* [Material provided]
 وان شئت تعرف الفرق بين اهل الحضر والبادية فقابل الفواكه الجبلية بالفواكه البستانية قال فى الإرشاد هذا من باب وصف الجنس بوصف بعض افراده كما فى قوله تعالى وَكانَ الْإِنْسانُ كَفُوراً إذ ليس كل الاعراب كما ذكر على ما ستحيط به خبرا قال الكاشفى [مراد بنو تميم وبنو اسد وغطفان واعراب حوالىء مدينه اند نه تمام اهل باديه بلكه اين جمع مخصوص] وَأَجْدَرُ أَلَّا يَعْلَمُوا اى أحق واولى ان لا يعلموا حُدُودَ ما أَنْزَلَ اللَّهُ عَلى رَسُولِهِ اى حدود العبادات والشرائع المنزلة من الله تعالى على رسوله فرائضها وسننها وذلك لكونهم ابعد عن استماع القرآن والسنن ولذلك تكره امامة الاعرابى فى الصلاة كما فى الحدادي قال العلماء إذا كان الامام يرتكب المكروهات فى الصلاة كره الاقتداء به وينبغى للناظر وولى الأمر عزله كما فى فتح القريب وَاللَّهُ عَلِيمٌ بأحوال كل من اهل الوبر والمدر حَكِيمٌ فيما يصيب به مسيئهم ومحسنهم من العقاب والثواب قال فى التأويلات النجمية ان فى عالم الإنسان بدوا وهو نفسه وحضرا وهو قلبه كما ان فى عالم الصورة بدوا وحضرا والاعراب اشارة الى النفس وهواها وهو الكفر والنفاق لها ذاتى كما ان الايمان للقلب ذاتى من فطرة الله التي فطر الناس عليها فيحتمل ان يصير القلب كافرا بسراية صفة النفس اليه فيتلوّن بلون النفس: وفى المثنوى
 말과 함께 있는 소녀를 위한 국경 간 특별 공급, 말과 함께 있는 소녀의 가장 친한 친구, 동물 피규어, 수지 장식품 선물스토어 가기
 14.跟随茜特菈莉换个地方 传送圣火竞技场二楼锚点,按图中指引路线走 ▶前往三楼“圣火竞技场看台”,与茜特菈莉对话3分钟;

* * *

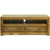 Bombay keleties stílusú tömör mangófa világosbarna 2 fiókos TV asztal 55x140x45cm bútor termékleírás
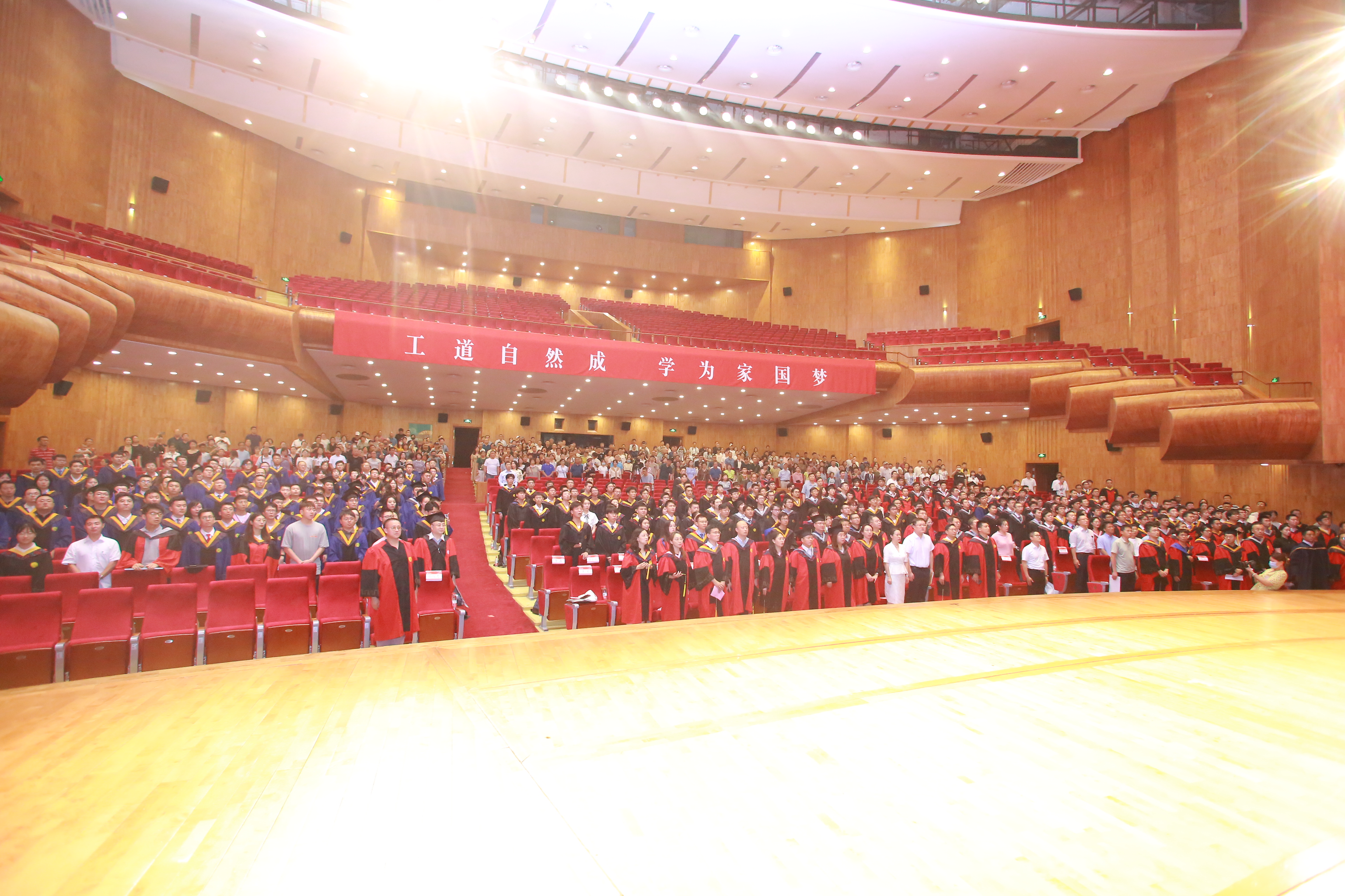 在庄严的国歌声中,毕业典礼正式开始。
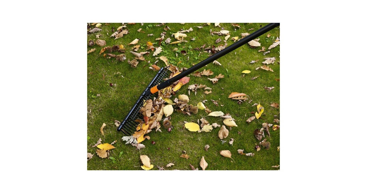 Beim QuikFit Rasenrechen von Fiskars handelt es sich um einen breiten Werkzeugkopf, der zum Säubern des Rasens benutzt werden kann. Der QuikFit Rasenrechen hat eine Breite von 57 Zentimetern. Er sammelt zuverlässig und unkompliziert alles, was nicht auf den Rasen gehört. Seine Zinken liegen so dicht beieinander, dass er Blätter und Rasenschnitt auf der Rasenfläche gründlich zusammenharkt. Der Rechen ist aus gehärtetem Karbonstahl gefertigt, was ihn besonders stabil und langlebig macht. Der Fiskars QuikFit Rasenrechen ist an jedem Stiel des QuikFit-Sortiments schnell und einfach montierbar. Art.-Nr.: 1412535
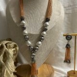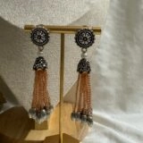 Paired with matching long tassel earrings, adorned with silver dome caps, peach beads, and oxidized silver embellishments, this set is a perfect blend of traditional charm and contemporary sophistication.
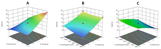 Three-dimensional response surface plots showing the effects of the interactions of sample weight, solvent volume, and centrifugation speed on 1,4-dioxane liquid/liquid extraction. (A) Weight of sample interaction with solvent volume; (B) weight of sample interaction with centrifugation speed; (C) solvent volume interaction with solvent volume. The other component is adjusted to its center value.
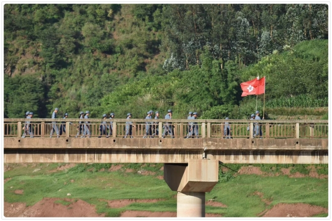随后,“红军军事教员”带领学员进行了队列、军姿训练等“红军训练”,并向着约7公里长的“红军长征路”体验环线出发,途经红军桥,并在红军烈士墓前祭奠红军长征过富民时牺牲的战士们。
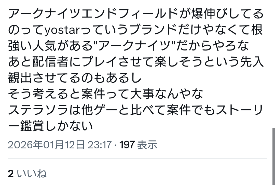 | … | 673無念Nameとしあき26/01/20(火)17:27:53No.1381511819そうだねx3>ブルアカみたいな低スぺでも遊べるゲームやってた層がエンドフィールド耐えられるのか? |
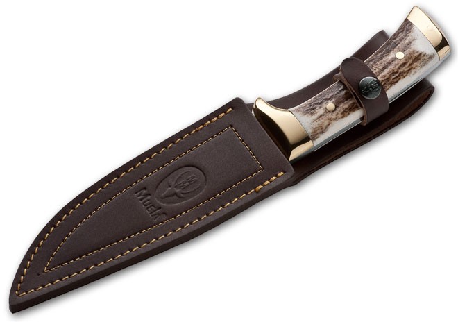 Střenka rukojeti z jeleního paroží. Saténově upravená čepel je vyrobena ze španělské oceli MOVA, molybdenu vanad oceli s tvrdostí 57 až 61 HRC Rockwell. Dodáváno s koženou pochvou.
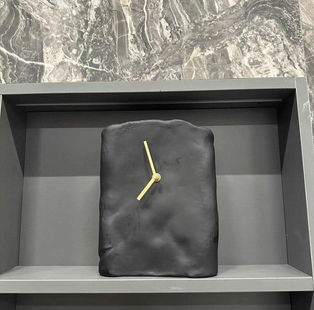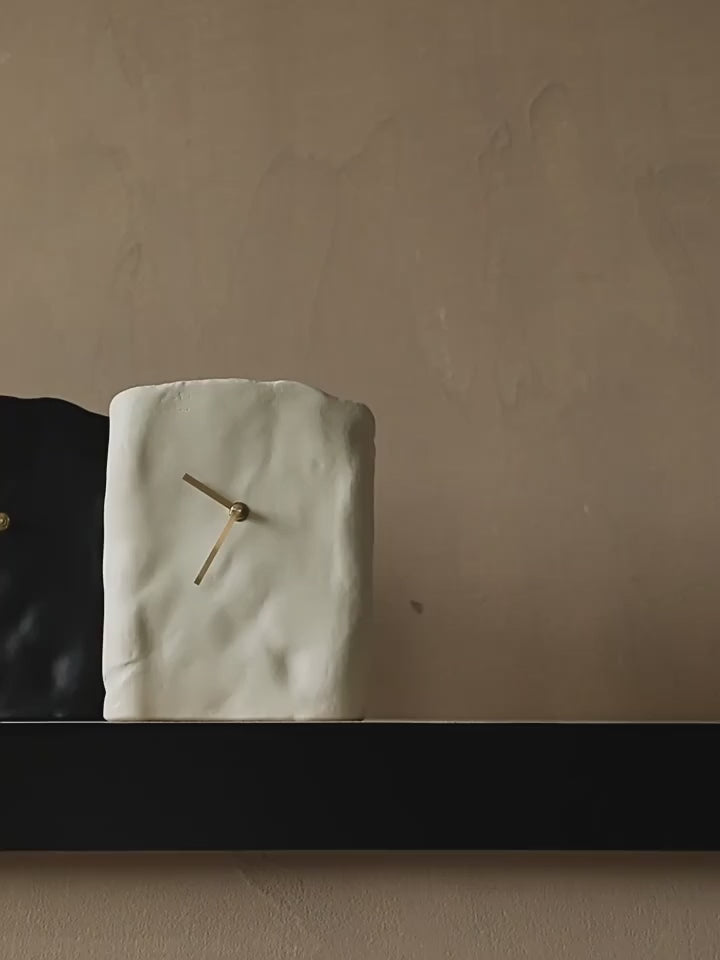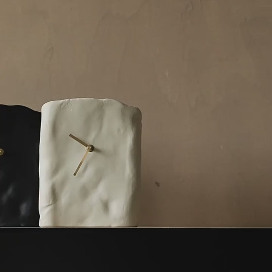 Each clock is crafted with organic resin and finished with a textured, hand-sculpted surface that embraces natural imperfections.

...

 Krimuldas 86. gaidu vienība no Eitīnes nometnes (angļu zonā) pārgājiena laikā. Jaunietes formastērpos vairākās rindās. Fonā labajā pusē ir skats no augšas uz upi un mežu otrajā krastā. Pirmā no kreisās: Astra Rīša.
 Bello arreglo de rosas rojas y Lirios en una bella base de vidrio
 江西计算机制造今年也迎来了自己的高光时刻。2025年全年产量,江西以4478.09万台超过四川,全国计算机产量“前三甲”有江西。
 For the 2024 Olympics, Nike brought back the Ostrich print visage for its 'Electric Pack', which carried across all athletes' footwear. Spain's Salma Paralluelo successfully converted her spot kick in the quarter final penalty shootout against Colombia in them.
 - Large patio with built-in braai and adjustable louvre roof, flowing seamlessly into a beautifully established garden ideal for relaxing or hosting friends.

* [Your instructions] Retype the entries above exactly, but only from the line containing "For the 2024" through the line containing "- Large patio", both included.

* [Reply]
 For the 2024 Olympics, Nike brought back the Ostrich print visage for its 'Electric Pack', which carried across all athletes' footwear. Spain's Salma Paralluelo successfully converted her spot kick in the quarter final penalty shootout against Colombia in them.
 - Large patio with built-in braai and adjustable louvre roof, flowing seamlessly into a beautifully established garden ideal for relaxing or hosting friends.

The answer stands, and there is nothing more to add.